Of course, the FBI knew from the beginning about Rogers, whose headless, handless body-sans breast augmentation-was still awaiting release to be flown back to Chicago for burial by his family. As for the other victims, once the medical examiner removed the paint from the victims’ fingertips and forensics was able to get some solid prints, the FBI’s Integrated Automated Fingerprint Identification System (IAFIS) returned a match on the Virgin’s hands and those of the Christ figure-respectively, Esther Muniz (aka Esther Munroe, Esther Martinez) twenty-eight years of age at the time of her disappearance, a resident of Providence, and Paul Jimenez, eighteen (aka Jim Paulson) from Boston and Virginia Beach.

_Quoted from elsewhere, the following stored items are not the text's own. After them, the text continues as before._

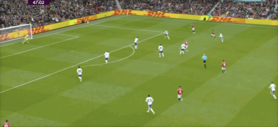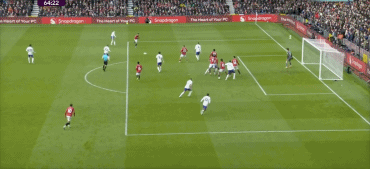 第43分钟,曼联反击,B费左路内切,禁区外右脚远射打偏。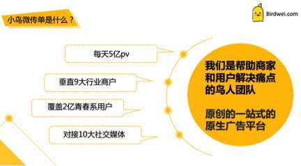 小鸟微传单是小鸟推送旗下的针对城市消费的新产品。2013年小鸟推送就完成了自主DSP平台的研发,目前已对接TANX、ADX、Doublie Click等竞价流量交换市场,聚合了100万个网站,18万个APP的推广渠道。在2015年小鸟推送专业版平台为几十个游戏、金融、社交APP提供了营销服务,2015年后半年,开始对接各入口级APP的流量资源,并且主攻原生广告资源,将广告转化为小段子发到用户的社交媒体里面,效果比banner提升80%。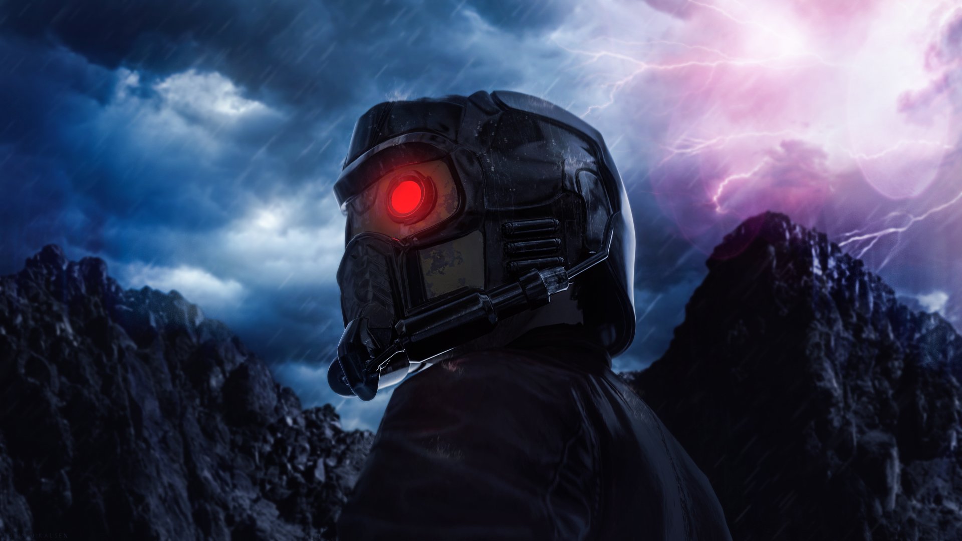 Description: A man in a helmet with a red light on his face in front of a mountain range with a lightning bolt.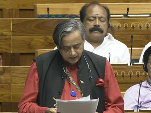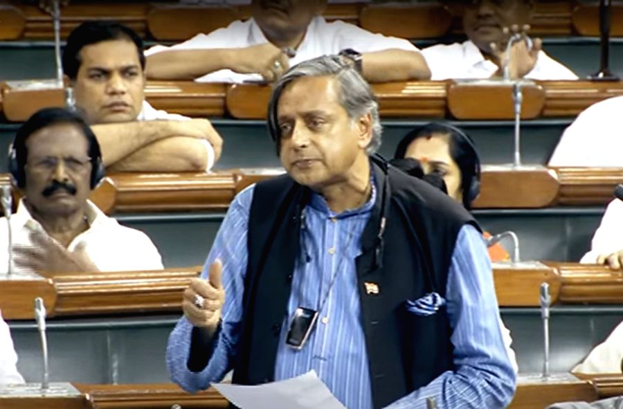 Congress MP Shashi Tharoor speaks in Lok Sabha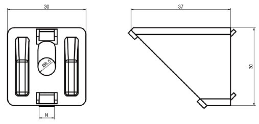 B8 corner bracket 45 degree 30x30 mm, 8mm groove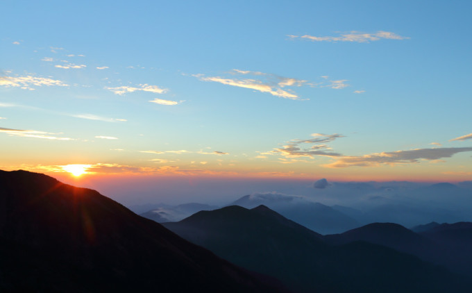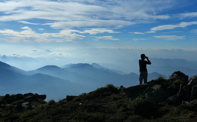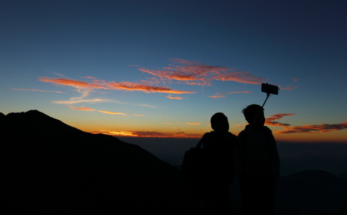 因为高反,无法继续前进,住宿在大文公庙三十多人的大套间。日出时分,一对自拍父子的剪影。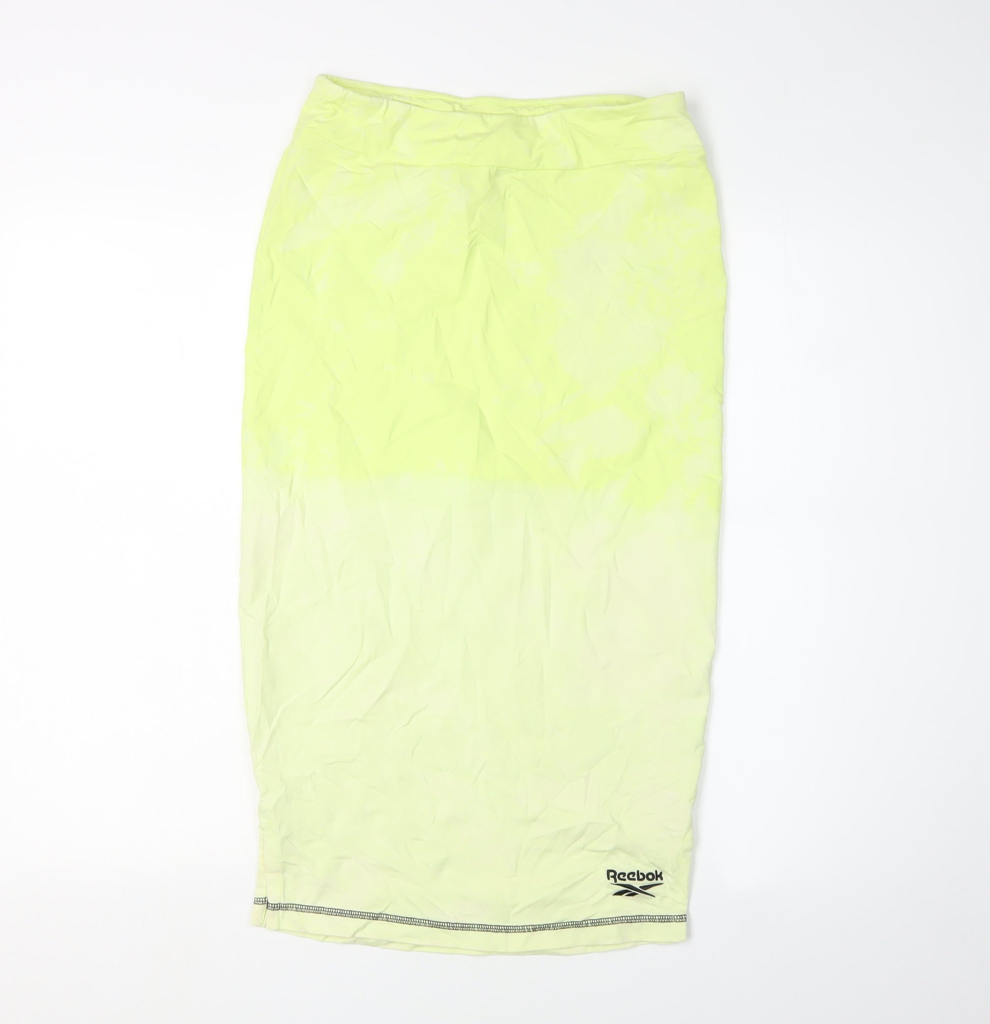 Upgrade your wardrobe with this eye-catching yellow midi skirt by Reebok, tailored for women's casual or travel wear. Made from 100% cotton, this straight and pencil skirt offers comfort and breathability, making it perfect for all seasons, particularly spring and summer. The elastic waist ensures ease of fit, allowing you to wear it comfortably throughout the day. The skirt features a sleek logo accent, adding a touch of sporty elegance to your outfit. Ideal for casual or travel occasions, this piece can easily be paired with a variety of tops and shoes to suit your style. As a product from Reebok, you can trust its quality and durability. Although in excellent condition with slight signs of wear, this skirt will still make a trendy addition to any wardrobe. Embrace the vibrant yellow hue to brighten up your look, whether you're exploring new destinations or enjoying a casual day out.

Both were known prostitutes.

The fourth victim was also a prostitute, and after the FBI Forensic Science Unit released a photograph of the Virgin’s head-digitally altered and colored to make the victim appear as she might have been “in life”-authorities quickly confirmed an anonymous tip that the victim’s name was Karen Canfield (aka Karen Jones, Joanie Canfield)-originally from Dayton, Ohio-nineteen years old when she disappeared off the streets of Providence three years earlier. DNA testing matched her head to the breasts found on Steve Rogers’s torso.

Of the two women, only Muniz had been reported missing by an abusive boyfriend who, shortly after his girlfriend’s disappearance, had died in a botched drug deal. In addition to being a prostitute and a convicted felon, Muniz was also on the books as a habitual drug offender, and had three children by as many fathers.

All of her children had been in foster care since the day they were born.